On April 18, a US judge in Florida overturned the federal mask mandate for airlines and public transportation – a mere five days after the Joe Biden administration had extended the mask requirement on account of soaring COVID-19 rates, as the US racked up tens of thousands of new cases and hundreds of deaths per day. By late May, the US was holding steady in first place for most coronavirus deaths worldwide, and daily averages of new infections were well over 100,000 – these being only the officially documented cases, meaning that the actual numbers were presumably much higher.

Already in February, the US Centers for Disease Control and Prevention (CDC) had determined that masking indoors was no longer necessary in most of the country. That same month, coincidentally, Impact Research – defined by NBC News as “Biden’s polling firm” – had warned in a memo that Americans were “worn out” from the pandemic, and that Democrats needed to “declare the crisis phase of COVID over and push for feeling and acting more normal”.

According to the memo, Democrats risked suffering at the ballot box if they did not “stop talking about restrictions” and “prioritis[ing] COVID precautions”. It was now time to “fully enter the rebuilding phase that comes after any war”, lest Americans think the country’s leaders were “out of touch with their daily realities”.

To be sure, much of American “reality” consists of pretending that we are not rapidly self-destructing in a corporate-capitalist war on humanity and the planet. But, hey, that’s no reason not to feel and act normal.
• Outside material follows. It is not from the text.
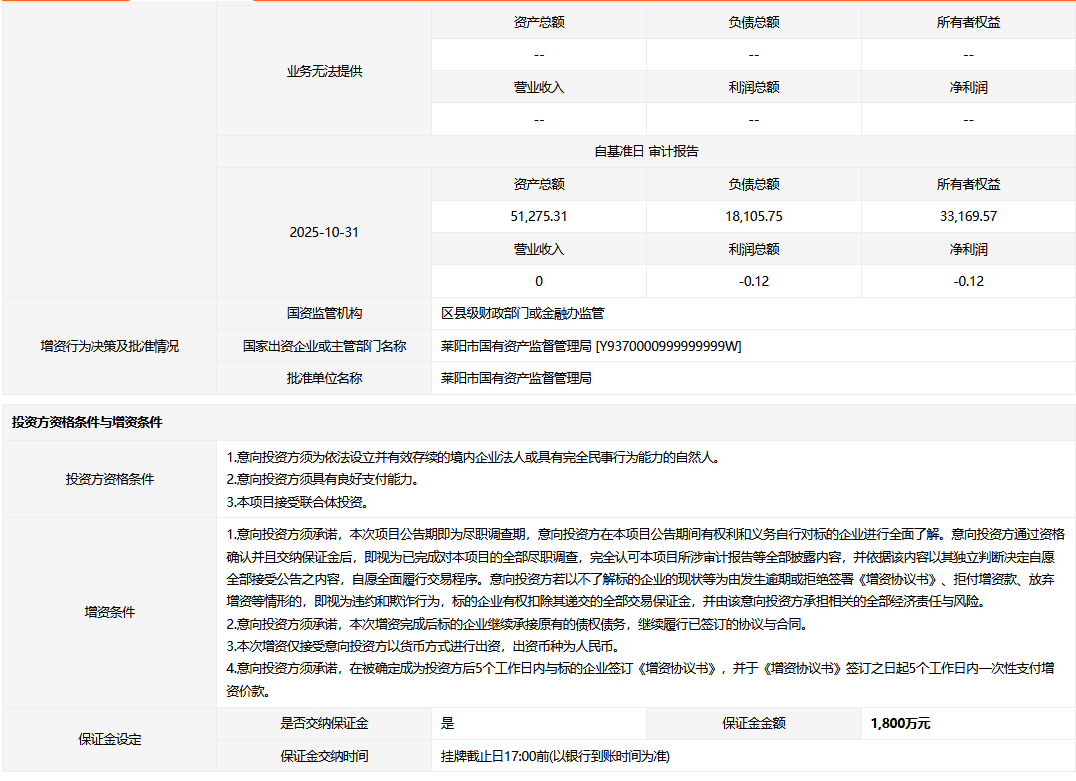 轉讓方:萊陽市南泗莊水庫投資開發(fā)有限公司

In a recent email to me, evolutionary biologist Rob Wallace – author of Dead Epidemiologists: On the origins of COVID-19  – remarked that pandemics, like climate change, are indicators of “systemic rot”. And indeed, the ruling class response to the pandemic has only further exposed the rot of a system in which COVID deaths are seen as a “price worth paying to return markets back to full throttle” – particularly if those deaths occur disproportionately among “the poorer and the browner” sectors of the population.

Wallace, who was also the protagonist of a 2021 front-page article in The Nation – which described him as the man who “predicted the pandemic” – stressed to me that “study after study has shown jurisdictions with mask mandates host fewer COVID-19 deaths during ongoing outbreaks than areas without mandates.”

Regarding public distaste for masking, he opined pointedly: “Masks suck. But dying sucks more.”

And yet death does not suck so much for capitalism, which, Wallace stressed, can easily “survive any resulting virus that kills a billion people”. Obviously, though, it would be impolite for the politico-corporate establishment to come right out and say that profit is more important than human life. The termination of mask mandates and other restrictions is thus cast as part of the “rebuilding phase” following the “COVID war” – to borrow Impact Research’s terminology – rather than merely a component of the neoliberal war on public health.

Masks, of course, also occupy a special place in US sociopathy, and over the course of the pandemic have prompted semi-anthropological investigations by a range of international media outlets including the BBC, which in July 2020 tackled the question: “Why are Americans so angry about masks?”

Last year, my father was on the receiving end of some of this rage when he committed the error of bicycling while masked in Louisville, Kentucky, eliciting an intervention by a concerned citizen in a pickup truck who bellowed at him to remove the accessory because he looked like “a f****** idiot”.

Many Americans view masks as a violation of their personal “freedom” – the same “freedom” that has enabled the US to become the most maniacally armed nation in the world and that has resulted in, inter alia, regular mass shootings of schoolchildren. The US version of freedom is a plague unto itself, casting as it does individually and collectively catastrophic phenomena in a positive light that ultimately benefits – who else? – the rich.

American exceptionalism was certainly on display on May 1, 2020, when a 43-year-old security guard at a Family Dollar store in Michigan was shot and killed after informing a customer that her child was required to wear a face mask to enter the establishment. Anyway, the revocation of mask mandates has perhaps at least somewhat assuaged concerns among the US populace that a “communist dictatorship” is being imposed on the nation.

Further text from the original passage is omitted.